__Data supplied__:
########

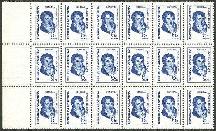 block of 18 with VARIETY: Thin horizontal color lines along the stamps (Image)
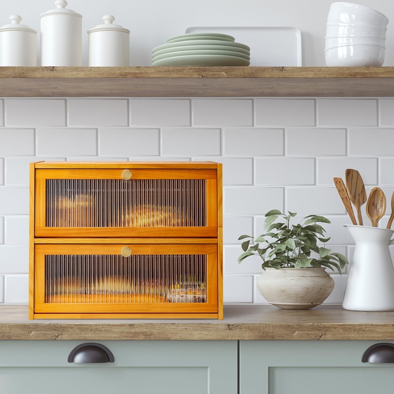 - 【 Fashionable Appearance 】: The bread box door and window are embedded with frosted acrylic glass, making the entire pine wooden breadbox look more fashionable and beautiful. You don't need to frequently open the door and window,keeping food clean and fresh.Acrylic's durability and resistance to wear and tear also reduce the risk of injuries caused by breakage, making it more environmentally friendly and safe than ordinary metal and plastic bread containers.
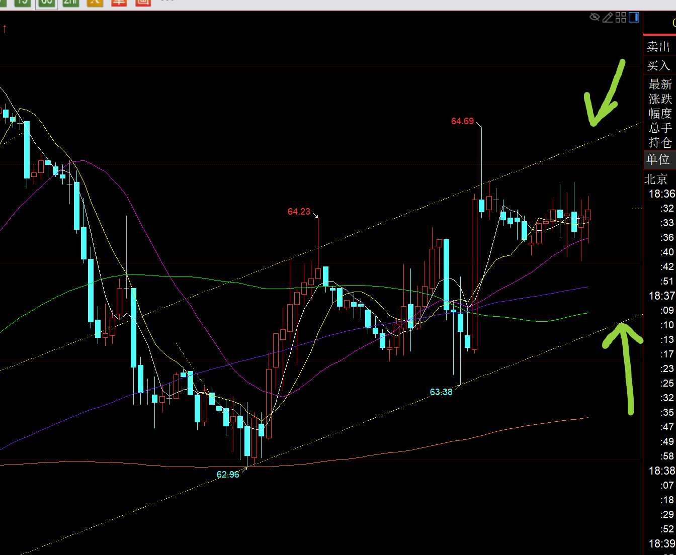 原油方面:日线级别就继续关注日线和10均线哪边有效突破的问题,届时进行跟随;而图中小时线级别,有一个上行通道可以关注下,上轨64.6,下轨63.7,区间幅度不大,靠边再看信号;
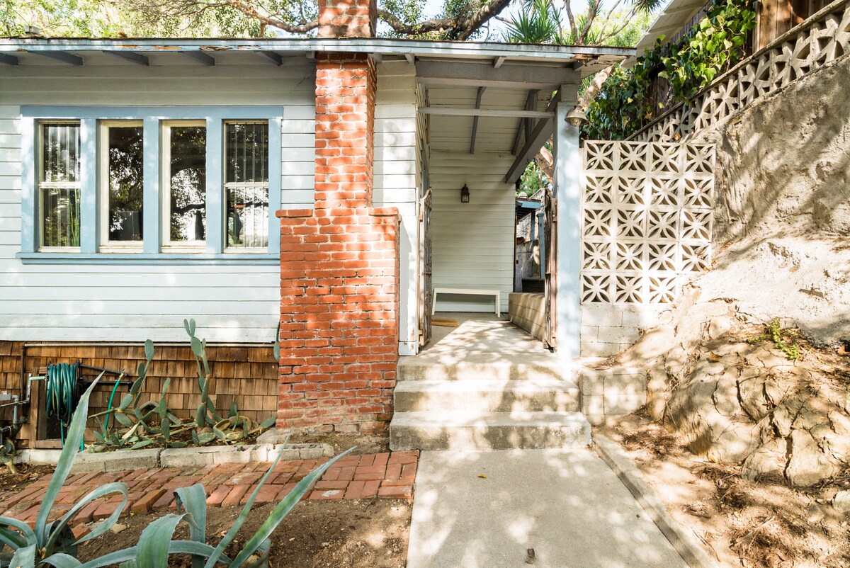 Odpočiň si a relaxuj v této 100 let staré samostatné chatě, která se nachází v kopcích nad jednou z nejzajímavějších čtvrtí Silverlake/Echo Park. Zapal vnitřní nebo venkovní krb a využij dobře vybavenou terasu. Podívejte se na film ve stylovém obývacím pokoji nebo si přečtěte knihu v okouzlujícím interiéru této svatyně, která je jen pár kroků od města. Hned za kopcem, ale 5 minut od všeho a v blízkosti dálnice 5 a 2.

########

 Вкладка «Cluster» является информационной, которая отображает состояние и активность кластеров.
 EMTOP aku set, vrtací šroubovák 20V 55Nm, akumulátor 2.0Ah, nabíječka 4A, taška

########

__What you need to do__: Out of the data above, give again only the lines starting at the one holding "и активность кластеров." and ending at the one holding "EMTOP aku set, vrtací", unchanged.

__Task solution__:
 Вкладка «Cluster» является информационной, которая отображает состояние и активность кластеров.
 EMTOP aku set, vrtací šroubovák 20V 55Nm, akumulátor 2.0Ah, nabíječka 4A, taška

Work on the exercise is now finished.